• [SOURCE DATA]:
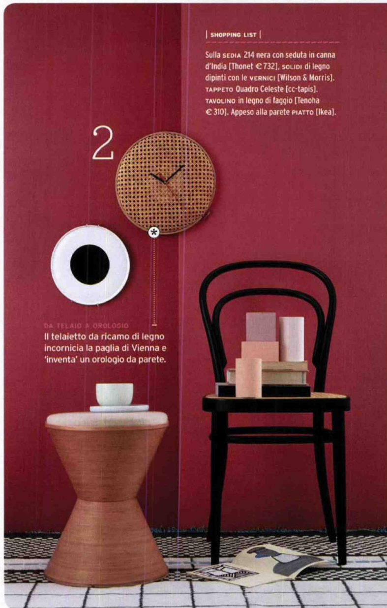
DA TELAIO A OROLOGIO Il telaio da ricamo di legno incornicia la paglia di Vienna e 'inventa' un orologio da parete.

Sulla SEDIA 214 nera con seduta in canna d'India [Thonet € 732], solidi di legno dipinti con le VERNICI [Wilson & Morris]. TAPPETO Quadro Celeste [cc-tapis]. TAVOLINO in legno di faggio [Tenoha € 310]. Appeso alla parete PIATTO [Ikea].
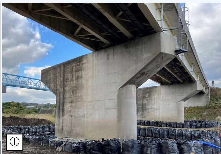
① ○城井川橋下部工 耐震補強 (RC巻き立て) のため、一期線と一体型の下部工において構造物掘削を行っています。
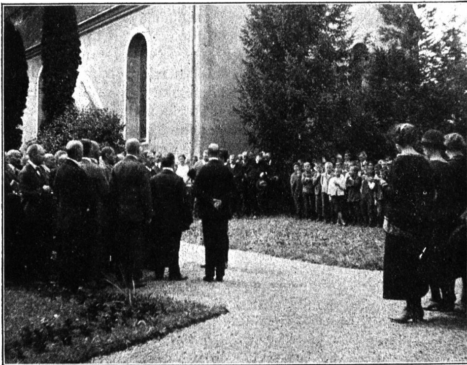
Gedenkfeier ungarischer Lehrer und Lehrerinnen am Grabe Pestalozzis zu Birm (Juli 1925).

Inhalt: Ehrungen Pestalozzis. — Vor hundert Jahren. — Neue Schulbilder. — Ausstellung. — Mitteilung. — Wandbilder. — Neue Bücher - Bibliothek.
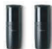
FT210 fotokomórki (para) nastawne z kątem 210°, zasięg 15 m
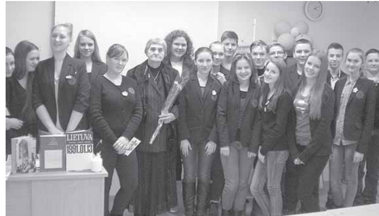
Gimnazistų 1 ę ir 2 d klasių su viešnia Genovaite Čiurlioniene

Sausio 13-osios rytą visuose gimnazijos languose mokiniai kartu su mokytojais uždegė žvakelės, o į uniformas įsisėgė mėlyną neužmirštuolės žiedelį, kuris
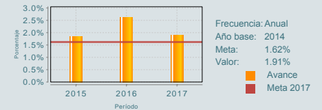
Porcentaje de personas adultas mayores que hacen uso de los servicios que brinda el programa

El Programa no cuenta con evaluaciones de impacto que den cuenta de los resultados netos atribuibles a su intervención en su PA. En 2012 se realizó la "Evaluación Complementaria de Diseño, Consistencia y Medición de Resultados (2010-2011) del Programa Servicios a Grupos con Necesidades Especiales (E003)"; no obstante, debido a que cuenta con una antigüedad de 6 años, se considera que los resultados obtenidos en aquél momento podrían no ser válidos en la actualidad. Se reitera la necesidad de plantear indicadores de resultados más robustos a nivel de Propósito en la Matriz de Indicadores para Resultados (MIR), puesto que por ejemplo el indicador "porcentaje de personas adultas mayores que hacen uso de los servicios que brinda el programa", que señala las PAM a las que les fueron otorgados servicios, falla en dar cuenta de los resultados logrados sobre esta población a partir de la intervención del Programa. Asimismo, las actuales metas de los indicadores de la MIR no se definieron atendiendo lo señalado en el documento denominado "Metodología para la programación de metas del Programa E003, Servicios a grupos con necesidades especiales a cargo del Inapam", por lo que se considera que son demasiado laxas.
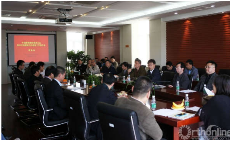
肢体功能重建与外固定工作委员会筹备会现场
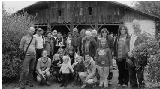
Igartubeiti baserriaren aurrean Oinatz irteeran parte hartu zuten lagunak.

Ekintza 2005.urtean edo lehenago jaiotakoei zuzenduta dago. Abentura parkea itxi-
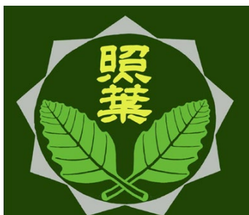
福岡市立照葉小学校
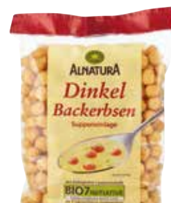
Jušne kroglice Alnatura DM 1,99 €
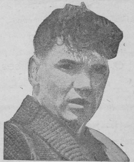
Jack Dempsey võtab naist.
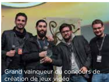
Grand vainqueur du concours de création de jeux vidéo
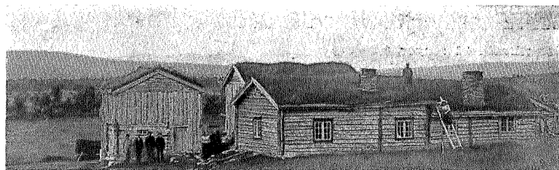
Nedalen gård 1890. 5 senger
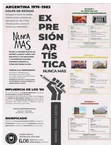
Figura 4. Nunca más. Fuente: Pérez Tuero y Por-tillo (diciembre de 2023).

maron la sociedad argentina y aportaron nuevos sentidos en la construcción de su memoria. Esto fue particularmente visible en los análisis de grupos de rock, en el cine o en la imagen gráfica, que permitieron comunicar aspectos silenciados en las narrativas de la historia reciente, reafirmando el valor del trabajo desarrollado en el aula.
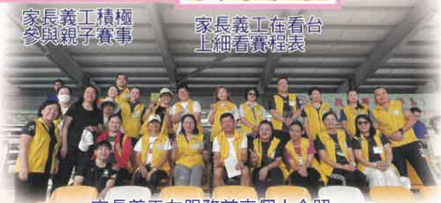
家長義工在服務前來個大合照
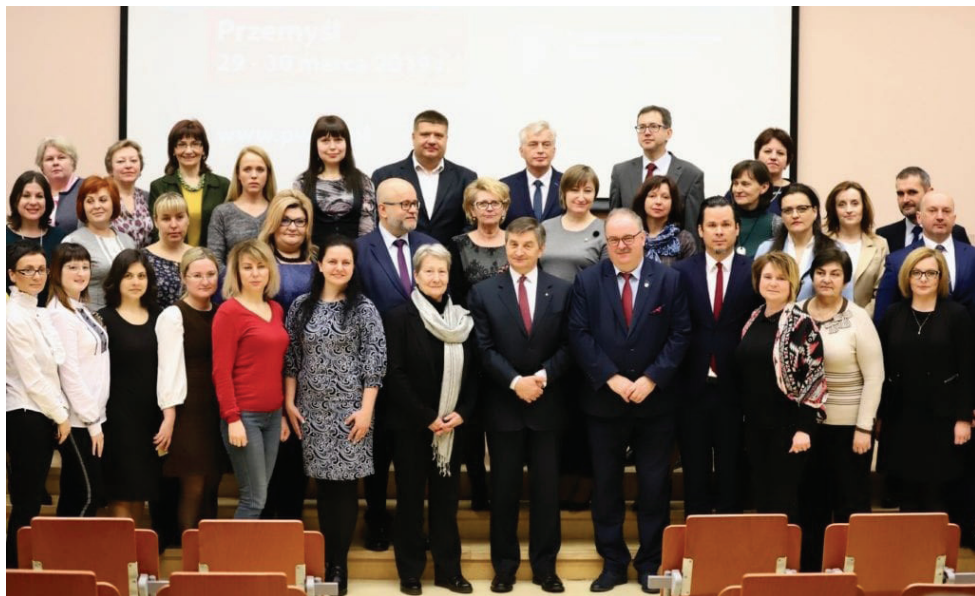
PWSW: I Kongres Polskiej Oświaty na Ukrainie, marzec 2019 r.

22 mln zł – inwestycje w Państwowej Akademii Nauk Stosowanych (do 2022 Państwowa Wyższa Szkoła Wschodnioeuropejska): wyposażenie pracowni w Instytucie Nauk Technicznych oraz Instytucie Sztuk Projektowych, adaptacja pomieszczeń, przebudowa poddasza Domu Studenta, zwiększenie dostępności e-usług, poprawa jakości kształcenia, zakup nowoczesnego wyposażenia
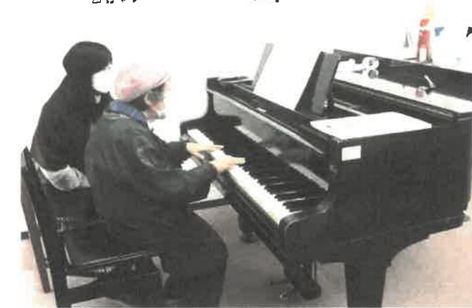
個別レッスン中 先生の前で弾くので緊張します。 でも、楽しい時間です!!

※状況により予定を変更する場合がございます。 最新の情報または詳細は各サークル代表者にお問い合わせください
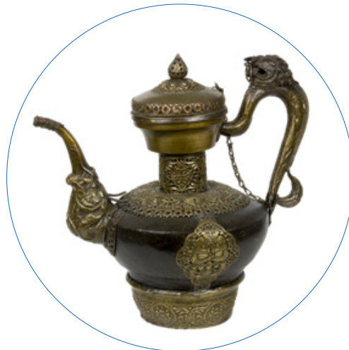
Tetera. Tíbet. Siglos XVIII-XIX. MNA CE8453.

¿Te tomas una taza de té con nosotrxs? ¡Anímate a conocer las culturas del té!
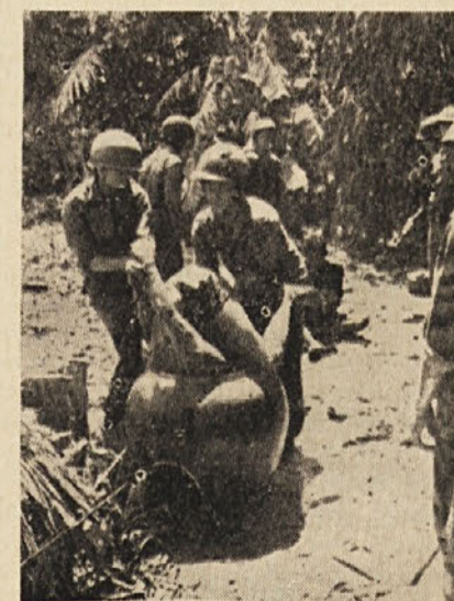
Taka je «civilizacija» agresorjev! Toda o njej radio in buržoazni tisk ne poročata

V tej vojni je bistvene važnosti ljudska iznajdljivost, ki je pomagala tudi v dolgi vojni proti Francozom. Vsaka stvar lahko postane v
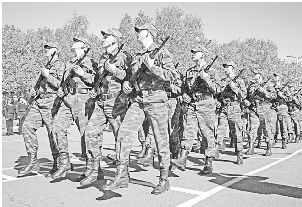
В завершение праздника по плацу торжественным маршем прошли все военнослужащие части.
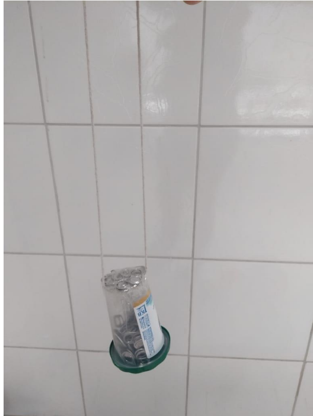
Figura 10 – Bolsa, criação de Iracema, 5 anos
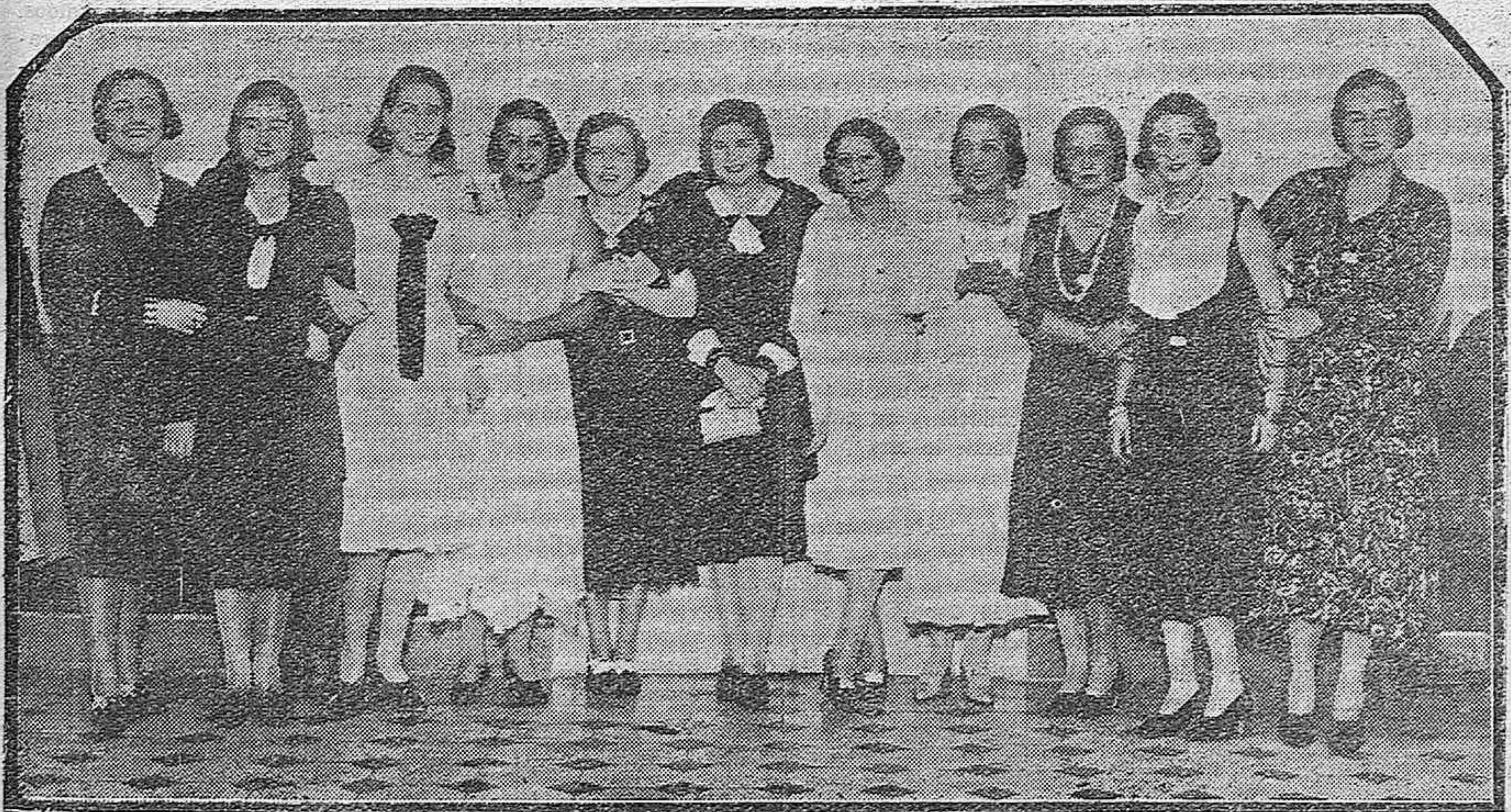
Grupo de bellas y distinguidas señoritas, concurrentes a la boda Urbano-Molina, celebrada ayer
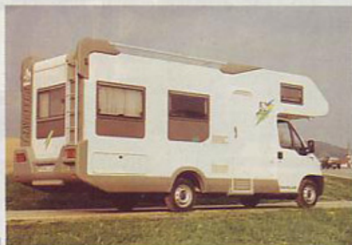
Knaus traveller 685 HF

Že skoraj dirkalnik pa je model 685 s turbodizelskim motorjem, ki po novem premore 116 konjskih moči.
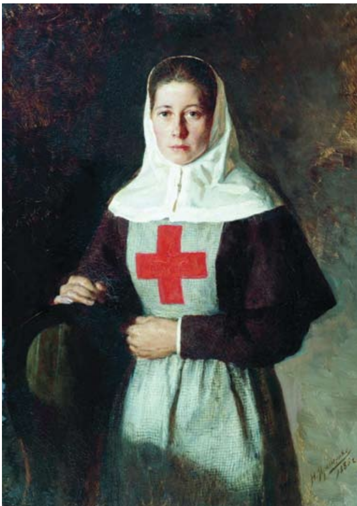
«Сестра милосердия», картина Николая Ярошенко, 1886 год

Правда, некоторые достижения цивилизации несколько облегчили труд сестёр. Например, с помощью современных средств связи они могут обучаться своему ремеслу дистанционно, черпать информацию из интернета и обмениваться опытом с коллегами со всей России. Для того же, чтобы обмен этот был более эффективен, год назад была создана Ассоциация сестриществ милосердия. В её задачи входит формирование единой базы данных об общинах сестер милосердия Русской православной церкви; содействие изданию литературы, предназначенной для обучения
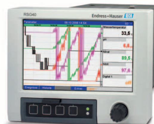
Memograf M se 7-palcovým TFT-displejem
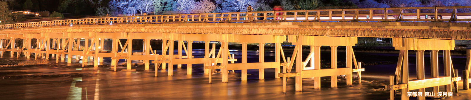
京都府 嵐山 渡月橋
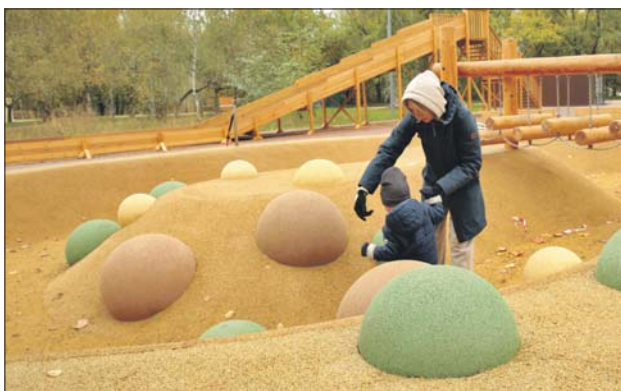
На такой детской площадке интересно поиграть

В парке 70-летия Битвы под Москвой обновили детскую и спортивную пло-
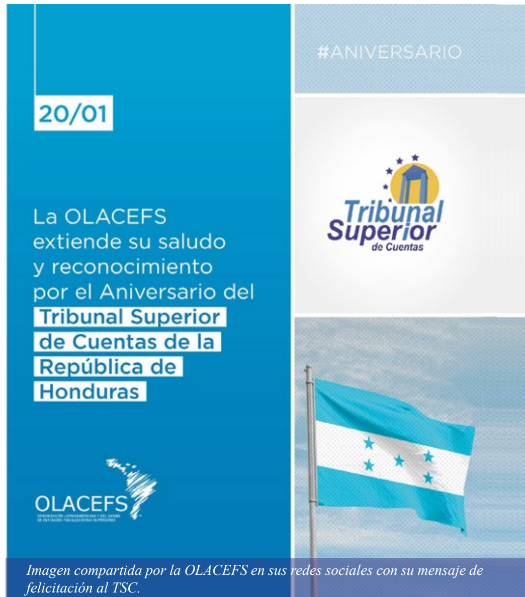
Imagen compartida por la OLACEFS en sus redes sociales con su mensaje de felicitación al TSC.

El TSC es miembro activo de la OLACEFS, organismo internacional, autónomo, independiente, apolítico y de carácter permanente que tiene por objetivo fomentar el intercambio experiencias y buenas prácticas relacionadas a la fiscalización y al control gubernamental, así como al fomento de las relaciones de cooperación y desarrollo
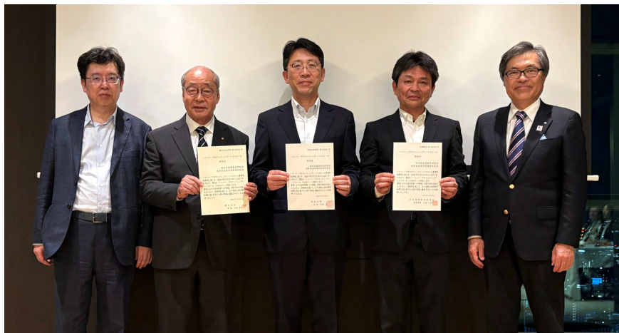
ハイパー・アカウンティング・ハイスクール指定証交付の様子

本学は2027年4月、難関国家資格である公認会計士の合格をめざす「体育会会計研究部」を始動する。経済学部のカリキュラムと連携した学習プログラムを軸に、現役の公認会計士による個別指導体制を整備。学生が疑問点を随時相談できる環境を提供する。講師

• [EXERCISE AIM]: What is needed is an exact copy of the lines above, from the one holding "V tej vojni" down to the one holding "Ярошенко, 1886 год", with those two included and the pictures left out.

• [YOUR RESPONSE]:
V tej vojni je bistvene važnosti ljudska iznajdljivost, ki je pomagala tudi v dolgi vojni proti Francozom. Vsaka stvar lahko postane v
В завершение праздника по плацу торжественным маршем прошли все военнослужащие части.
Figura 10 – Bolsa, criação de Iracema, 5 anos
Grupo de bellas y distinguidas señoritas, concurrentes a la boda Urbano-Molina, celebrada ayer
Knaus traveller 685 HF

Že skoraj dirkalnik pa je model 685 s turbodizelskim motorjem, ki po novem premore 116 konjskih moči.
«Сестра милосердия», картина Николая Ярошенко, 1886 год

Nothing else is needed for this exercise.